Southern blot is a method routinely used in molecular biology to check for the presence of a DNA sequence in a DNA sample. Southern blotting combines agarose gel electrophoresis for size separation of DNA with methods to transfer the size-separated DNA to a filter membrane for probe hybridization. The method is named after its inventor, the British biologist Edwin Southern.The southern blot is used to verify the presence or absence of a specific nucleotide sequence in the DNA from different sources and to identify the size of the restriction fragment that contains the sequence.
In this procedure, the DNA is isolated from each source and then digested with a specific restriction enzyme. The DNA restriction fragments are then loaded onto an agrose gel and the fragments separated by electrophoresis according to size, with the smaller fragments migrating faster than larger fragments. The DNA is then transferred from the fragile gel to a nylon filter.

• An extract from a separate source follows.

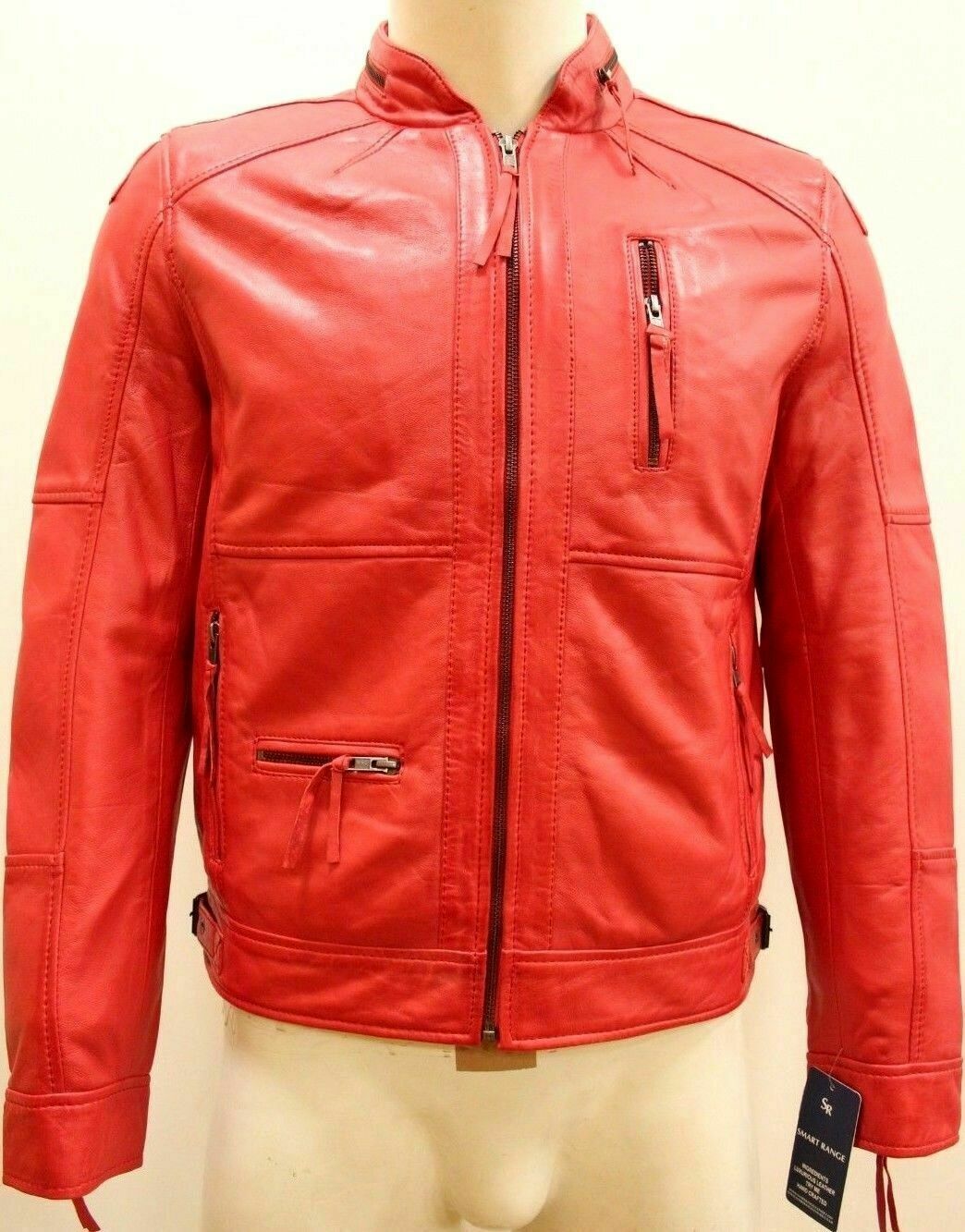 New Men Genuine Sheepskin 100% Red Biker Jacket Coat Zip

Next the radioactively labeled nucleic acid probe is added. The probe binds to complementary DNA segments. Note that the DNA segment being probed is not present in organism B

To detect the position of the radioactive probe, the nylon membrane is covered with an X-ray film. After development, the positions of the probe become visible.

Northern blot

Northern blot is a technique used in molecular biology research to study gene expression. It takes its name from its similarity to the Southern blot technique, named for biologist Edwin Southern. The major difference is that RNA, rather than DNA, is analyzed in the northern blot. Both techniques use electrophoresis and detection with a hybridization probe. The northern blot technique was developed in 1977 by James Alwine, David Kemp, and George Stark at Stanford University.

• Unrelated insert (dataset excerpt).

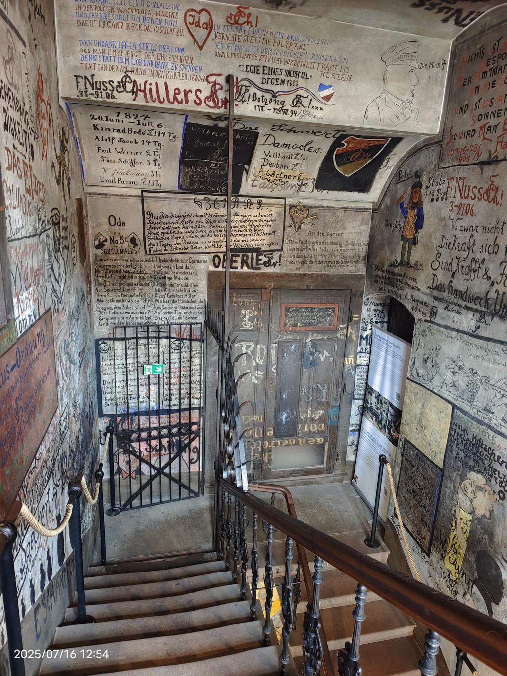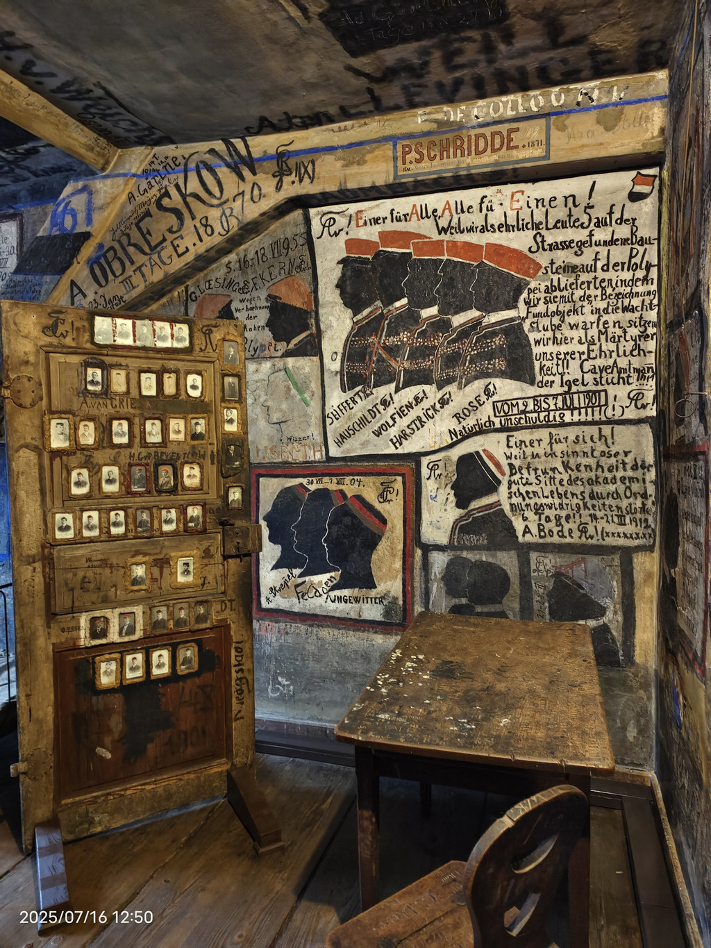 海德堡一处非常有特色的景点,位于海德堡大学博物馆背面。1778年至1914年,大学拥有自己的管辖权,可以根据违法行为判决“关押”学生3天到4周。“罪行”有过激的决斗、夜里制造噪音等等,但通常无伤大雅。在“服刑”期间,学生依旧可以去上课,但下课后就必须回到监狱。为打发时间,学生开始在墙上画画或写标语,后来逐渐形成监狱文化。这些墙上的“艺术品”保留至今,供大众参观。

A northern blot is very similar to a Southern blot except that it is RNA rather than DNA which is extracted, run on a gel and transferred to a filter membrane. There are 3 types of RNA: tRNA (transfer RNA - active in assembly of polypeptide chains), rRNA (ribosomal RNA - part of the structure of ribosomes) and mRNA (messenger RNA - the product of DNA transcription and used for translation of a gene into a protein). It is mRNA which is isolated and hybridized in northern blots.

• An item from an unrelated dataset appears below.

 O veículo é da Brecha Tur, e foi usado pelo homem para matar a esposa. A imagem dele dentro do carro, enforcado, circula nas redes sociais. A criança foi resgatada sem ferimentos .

* mRNA is extracted from the cells grown in galactose and cells grown in glucodse and purified.
* The mRNA is loaded onto a gel for electrophoresis. Lane 1 has gal mRNa Lane 2 has the Glucose mRNA.
* An electric current is passed through the gel and the RNA moves away from the negative electrode. The distance moved depends on the size of the RNA fragment. Since genes are different sizes the size of the mRNAs varies also. This results in a smear on a gel. Standards are used to quantitate the size. The RNA can be visualized by staining first with a fluorescent dye and then lighting with UV.
* RNA is single-stranded, so it can be transferred out of the gel and onto a membrane without any further treatment. The transfer can be done electrically or by capillary action with a high salt solution.
* A GAL DNA probe is incubated with the blot.the single stranded GAL DNA probe binds with immobilized GAL mRNA The blot is washed to remove non-specifically bount probe and then a development step allows visualization of the probe that is bound.